Анисья увидела неподалеку привязанную к бестарке лошадь, подвела ее к теплым грядам и приказала Лукерье ехать немедленно на поиски пропавшего Васьки. Один вид Олейниковой был так гневен, что Камышева не посмела ослушаться, поспешно села верхом на неоседланную лошадь и погнала вскачь к селу. Возможно, на этом бы Анисья успокоилась, но едва Лукерья скрылась, как неожиданно вновь появилась, и на этот раз еще усердней пришпоривая своего коня, чтобы уйти от едущей сзади бестарки. И теперь за всю нелюбовь Анисьи к Анне Копыловой пришлось расплачиваться Ваське.

– Ты где пропадал? – накинулась она на молодого вихрастого парня. – Халтурку сбивал? – Она приперла его к оглобле, а он, не зная как отбиться от нее, испуганно спрашивал:

– А ты кто, бригадир, что ли?

– Я вот тебе! – Анисья потрясла кулаком у носа Васьки. Узнаешь, как по три часа пропадать нивесть где. А ну, давай, срывай навоз на гряды. И чтобы через полчаса обратно. Я вам покажу!

Анисья даже не дала Ваське перекурить и, прогнав его обратно за перегноем, принялась за работу. Она ожесточенно орудовала то лопатой, то мотыгой, как будто воевала с врагом, с Анной.

– Разве так рыхлят, – придиралась она к Лукерье. – Сильней бей, не бойся, руки не отвалятся… А чего мусор не убираешь? Иль мне за тобой с метелкой ходить?

Чтобы умилостивить Анисью, а может быть для того, чтобы отвлечь ее внимание в другую сторону, Лукерья всплеснула руками и неожиданно спросила:

– Про море-то слыхала?
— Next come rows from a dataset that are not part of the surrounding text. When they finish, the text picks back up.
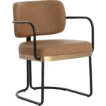 The Jalen Dining Armchair is poised to be a guest favourite thanks to its free flowing curves and gold stainless steel accents. Made from powder-coated iron with a supportive seat and back upholstered in smooth faux leather, this armchair will fit into any residential or commercial setting.
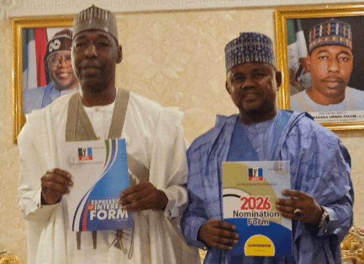 In a show of political strength, Gubio was flanked by prominent party figures, including Senator Mohammed Tahir Monguno and other APC stalwarts, signaling strong backing within the ruling party’s Borno structure.
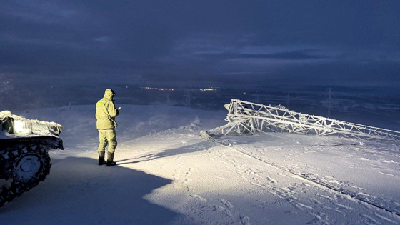 В Мурманской области, где ликвидируют аварию на линиях электропередачи, обещают похолодание. Сейчас в регионе действует режим чрезвычайной ситуации. После обрушение пяти опор ЛЭП в регионе без электричества остаются около 75 тысяч человек. Ремонтным бригадам приходится работать в суровых погодных условиях. Обрыв линий произошел в тундре. Корреспондент «МИР 24 Виталий Никулин следит за ситуацией.
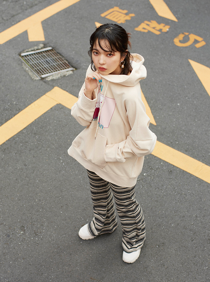 フーディ¥7,000(iCON/ジュンカスタマーセンター)、パンツ¥4,250(Bershka/ベルシュカ・ジャパン カスタマーサービス)、ピアス¥10,000(MONDAY EDITION/ジェム プロジェクター)、スニーカー¥13,800(PUMA/プーマお客様サービス)
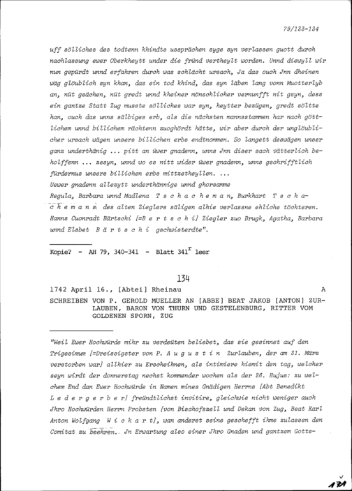 Schreiben von Gerold Müller, Konventuale, an Beat Jakob Anton Zurlauben, Priester, Zug
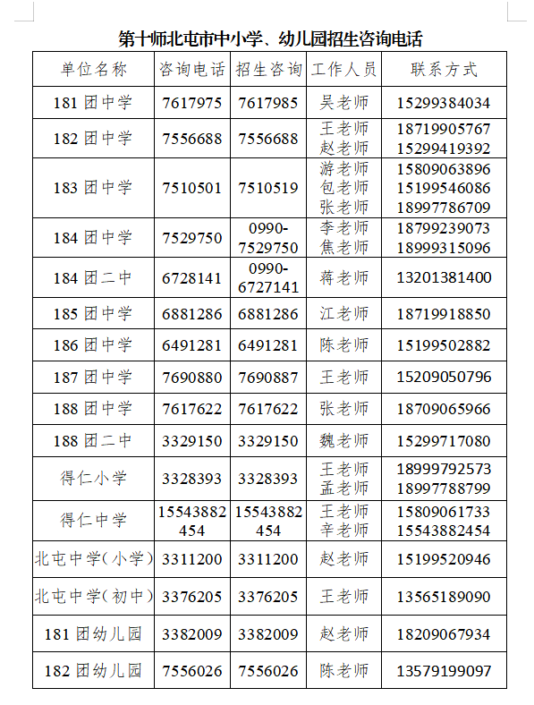 报名期间,师市教育局在师市政务服务大厅“教育入学一件事”窗口、师市各义务教育学校、幼儿园均设有政策咨询电话和服务点。如有任何报名问题可致电或就近至服务点咨询。
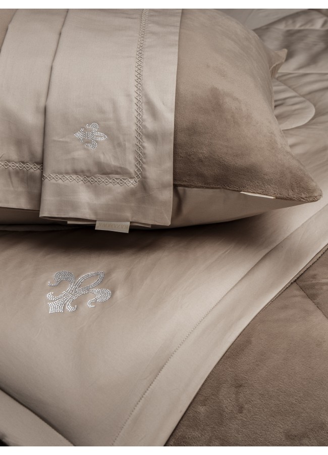 Коллекция Premium сегмента, постельное белье с одеялом «Lindor Fluffy». Двухстороннее одеяло: прохладный египетский хлопок и роскошный премиум-велюр, украшен элегантной стежкой. Комплект идеально подойдет для любителей поспать под кондиционером, велюровая сторона приятно окутает тело, сторона с египетским хлопком предназначена для любителей естественной прохлады в жару. Украшена геральдической лилией, выполненной из высококачественных страз. Двухсторонняя наволочка 50х70 декорирована геральдической лилией из страз. Наволочки 70х70 выполнены из комбинации нежного велюра и египетского хлопка. Простынь выполнена из египетского хлопка. Размерный ряд: евро, семейный. Доступные цвета: лаванда платина, серый беж, лайт пудра, карамель, крем, капучино трюфель, платина беж, графит. Комплекты изящно выложены в Брендовую подарочную упаковку «KAZANOV.A.».
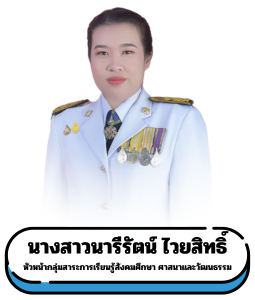 กลุ่มสาระฯสังคมศึกษา ศาสนาและวัฒนธรรม นางนิษฐา สุทธิพงษ์ นางสิริรัชต์ สุขเจริญ นายสรชัย จักษุมา นางสาวธีรญาดา สุทธิ นางสาวรัชนี คุ้มสวัสดิ์ นางสาวจินตนา ปรี่กลาง

Пересохло, говорят, море!

– Какое море?

– Ну, откуда вода в реку и по каналу пойдет…

– Когда у тебя в горле пересохнет и ты болтать языком перестанешь? – отмахнулась Анисья и тут же прикрикнула: – Сильней рыхли, рученьки не отвалятся.

Под вечер, еще издали, Анисья увидела идущую на парник Копылову и, подхватив подмышку свой ватник, демонстративно пошла стороной в Шереметевку.

Анна проводила ее глазами и спросила Камышеву:

– Как новенькая, ничего?

– Уж так-то всех честила, уж так-то честила! – пожаловалась Лукерья. – И тебе попало.

– Вижу, – ответила Анна, оглядывая набитые гряды и гору подвезенного перегноя. – Каждый бы день так!

51

Над степью гудели самолеты. Они делали заход и шли над озимью чуть ли не бреющим полетом. Сидя на крыльце полевого вагончика, Семен Иванович говорил Дегтяреву:

– Вот подкармливаем озимь с самолетов, не удивляемся этому, как будто век так было. Мало этого. Смотрю я на работу самолетов и критикой занимаюсь: не дело, что они находятся в ведении аэрофлота, пора уж передать их в МТС.

– Куда? А, в МТС… Что-то я не пойму. Как это вы еще рассуждаете, – удивился Дегтярев. – Меня сон с ног валит.

– После этой ночи, Алексей Константинович, только и рассуждать.

Последнюю неделю Копылов каждый день выезжал в степь. Всё смотрел, как солнце смывает остатки снега, как подсыхает еще не разбуженная весенним тракторным гулом земля. В один из таких дней он вернулся из степи и сказал Дегтяреву:

– Алексей Константинович, а что если полить некоторые поля до сева? И землю влагой зарядим и канал испытаем. В страду исправлять поздно, каждый час полива дорог.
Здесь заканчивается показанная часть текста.